I recently got a most excellent email from a new user, a person who I think is relatively junior in his organization of team building experts but one of the few who speak English. They purchased the Pro Version of the game and that game comes with a huge variety of play and debriefing possibilities. So, he asked me some questions:

Opening to my email reply:

Basically, I do what the client needs me to do to generate the desired outcomes they want. From their goals and objectives, I “automatically” adjust many of my leadership behaviors to align with their goals.

Please do understand that there are a few different aspects to all things about Dutchman, from small ideas that can be stressed in some client situations and not in others as well as differences in how the exercise is functionally facilitated. One can deliver the game and make people stick tightly to the rules and timelines or one can allow tabletops some flexibility.

Like cooking a meal, there are various ways to put it together. I do NOT play tight with the Beacon Card, for example. I do NOT take half of the gold from the team if they ask for help. That would embarrass them, in my opinion. So, the Beacon Card is simply a relief valve for the stress of planning and playing = they can always get help if they mess up and it takes the fear of “death” out of the play. I simply use that process to ask the players at the tabletop what choices they made and what they might have done differently and I relate it to their business practices if I can.

I try to go out of my way to explain how the exercise works and how to frame the game to optimize outcomes. Here is a post I did a while back as a specific reply to some questions about linking the play of the game to some issues for a large global senior manager meeting. (That delivery went extremely well!) My goal is to share the best ideas I can with my user-customers.

•GAMES link for homepage

On Mar 28, 2014, (new customer) Robert wrote:

Please give us a feedback on the Debriefing: – There are many debriefing formats. Is there any order to which we can review them?

There are many dozens of ideas and discussion topics in the combined debriefing slide files. And there are many different styles for debriefing — I would guess that every facilitator using the game has evolved into doing things in their own unique way based on their personal style, their experience, and the audience.

This is over-viewed and discussed in some new video recordings I made available and I have included the links to these. When you get to the debriefing, there are all sorts of possibilities. I generally start my debriefings with the use of a series of cartoons, which allows me to comment visually on some of the key observations and make connections to desired outcomes.

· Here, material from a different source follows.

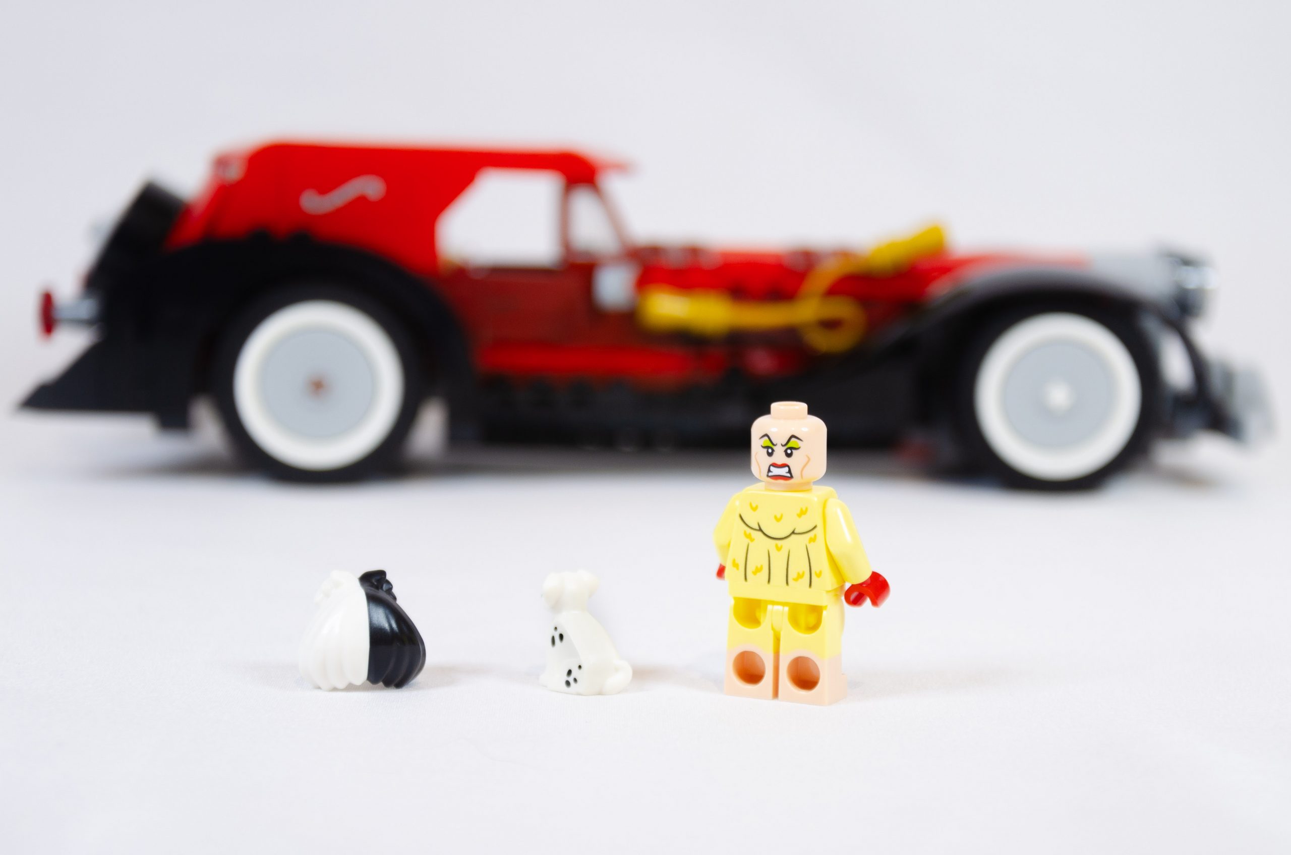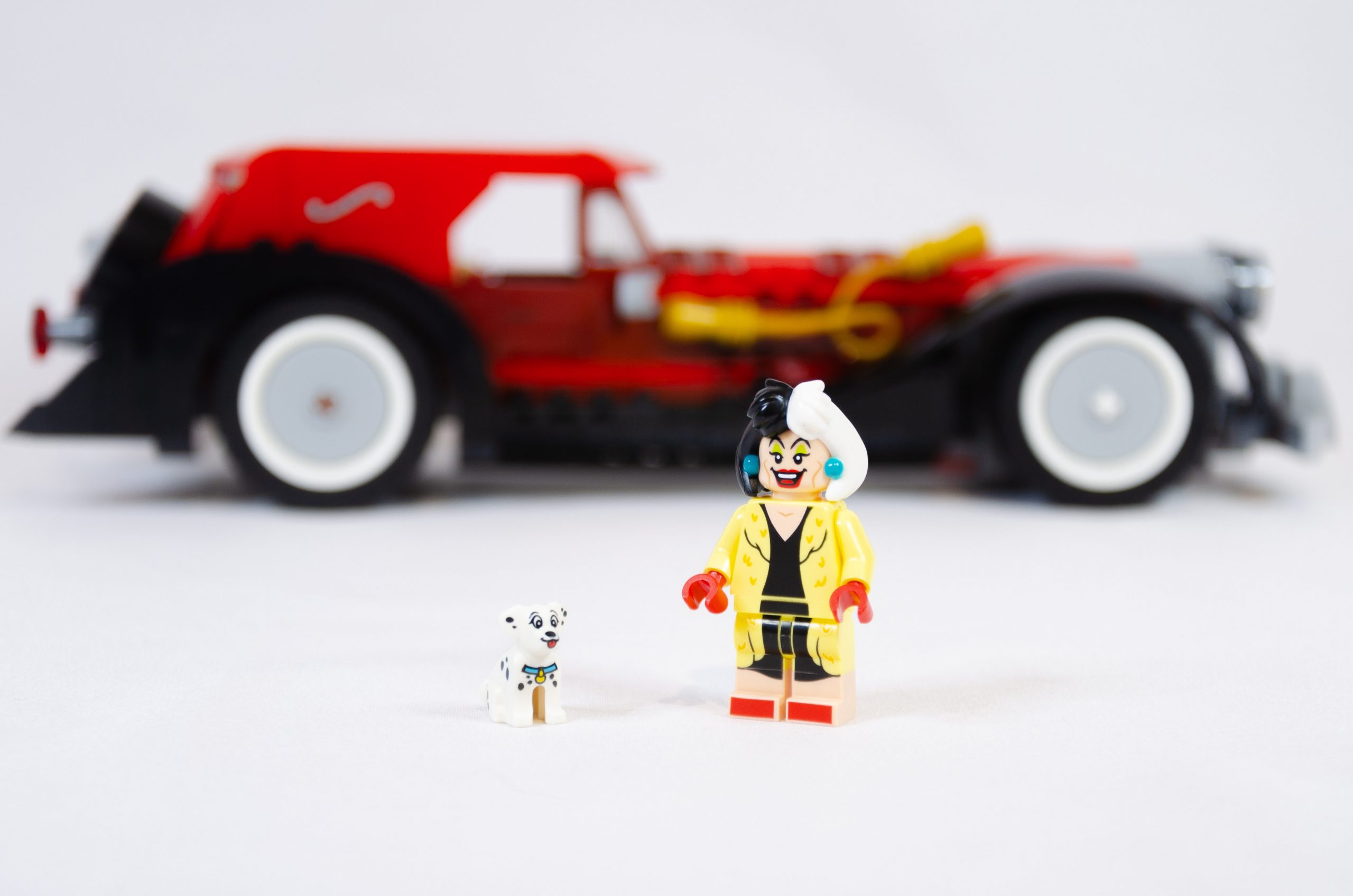 Cruella est, elle aussi, inédite dans cette tenue. C’est la seconde interprétation au format minifig, précédemment apparue dans une des séries à collectionner (déjà accompagnée d’un dalmatien et de son manteau). Le personnage a aussi eu le droit à sa version minidoll.

MY style tends to show a question that I know is directly relevant to the client’s goals and outcomes. It is a high priority slide both in discussion time required and in its intended impact, for example. I show the slide, ask the question and then allow time for each table to discuss the issue. I will often move around through the group, listening to ideas they are discussion and possibly commenting or supporting or suggesting that they mention that to the larger group (when I allow the more public individual comments during the group discussion time on that question.)

My selection of which slide to use is also a fairly complex decision process, since I will never have all the time I would like for debriefing.

Plus, if we were doing a general debriefing after the session and returning back in the afternoon for a WORK session to define specific ideas to be implemented and to form work teams interested in implementing those ideas, my two debriefings would be somewhat different.

There is NO “Best Debriefing” and no ONE Debriefing. That is why so many different debriefing slides are included with the exercise.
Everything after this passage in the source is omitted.